657 sayılı Devlet Memurları Kanununda düzenlenmeyen “tevhiden cezalandırma” yöntemi, soruşturma raporlarında getirilen teklifler ve verilen cezalarla uygulama kazanmıştır. Yapılan soruşturmalarda her bir aksiyon için hukuksal nitelendirmenin başka farklı yapılması gerekmekle birlikte, sonuçta tek bir disiplin cezası teklifinde bulunulması mümkün olduğu üzere disiplin cezası vermeye yetkili disiplin amir yahut şuralarının da fiilin sübuta erdiğine kanaat getirmeleri halinde tek bir ceza yahut soruşturmacı teklifine bağlı kalmaksızın farklı ayrı ceza verebilmeleri de mümkündür. Disiplin amir yahut heyetlerinin tevhiden cezalandırma yoluna başvurarak verecekleri cezaların idari yargı yerlerince hukuka uygunluk değerlendirmesi yapılırken de her hareketin başka ayrı kıymetlendirilerek karar verilmesi gerekmekle birlikte, cezalandırılan kişinin lehine yönetim tarafından yapılan uygulamayı (tevhiden cezalandırmayı) ortadan kaldıracak halde karar verilmesi hukuka uygun olmayacaktır.

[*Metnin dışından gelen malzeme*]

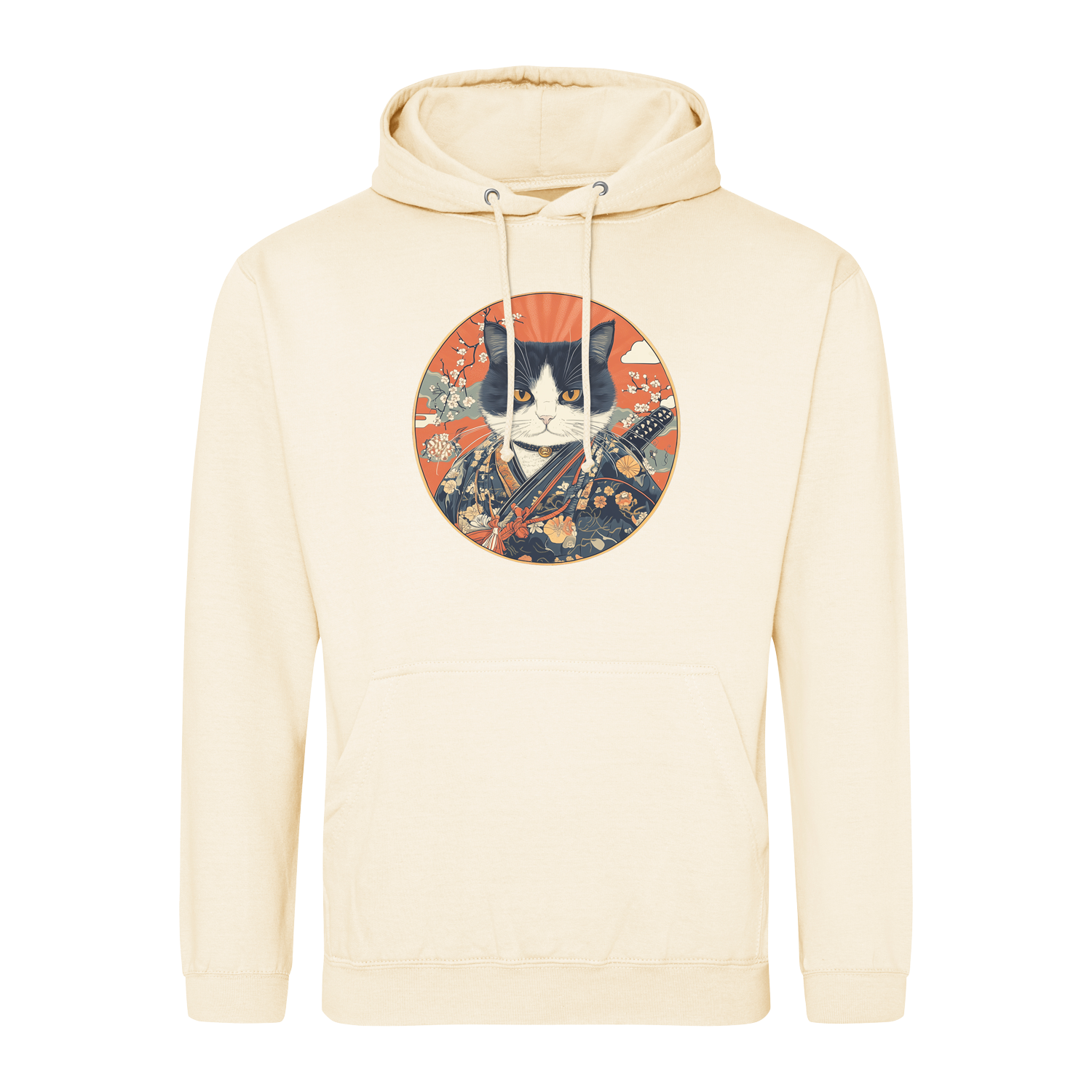 Bluza z kotem wojownikiem z mieczem wiśnie - japoński kot samuraj neko

Nitekim Anayasal bir hak olan “hak arama hürriyeti” gereği yasal yollara başvuran bireylerin durumlarını daha da ağırlaştıracak halde karar verilmesine hukuken imkan bulunmadığından, ilgililere yönetim tarafından sadece bir ceza verilmesinin bu şahıslar lehine bir durum olması karşısında, bu disiplin cezasının iptali istemiyle açılan davalarda tevhiden ceza verilemeyeceği ve her fiil için başka ceza verilmesi gerektiği yolunda karar verilmesi, dava açan şahıslar aleyhine sonuçlar doğuracağından kelam konusu Anayasal hakka karşıtlık teşkil edeceği açıktır.

Bu durumda; Yönetim Mahkemesince disiplin cezasının temelinin incelenerek bir karar verilmesi gerekirken tevhiden cezalandırmanın mümkün olmadığından bahisle dava konusu sürecin iptal ile davacının tazminat isteminin kabulü yolundaki kararda türel isabet görülmemiştir

Açıklanan nedenlerle, davalı yönetimin temyiz isteminin kabulü ile Mahkeme kararının bozulmasına, tekrar bir karar verilmek üzere belgenin Yönetim Mahkemesine gönderilmesine, bu kararın bildirim tarihini izleyen 15 (onbeş) gün içerisinde kararın düzeltilmesi yolu açık olmak üzere 14/11/2014 tarihinde oybirliği ile karar verildi.

Danıştay: Tevhiden cezalandırmayı ortadan kaldıracak biçimde karar verilemez
Yorum Yap

Giriş Yap

Budun ayrıcalıklarından yararlanmak için hemen giriş yapın veya hesap oluşturun, üstelik tamamen ücretsiz!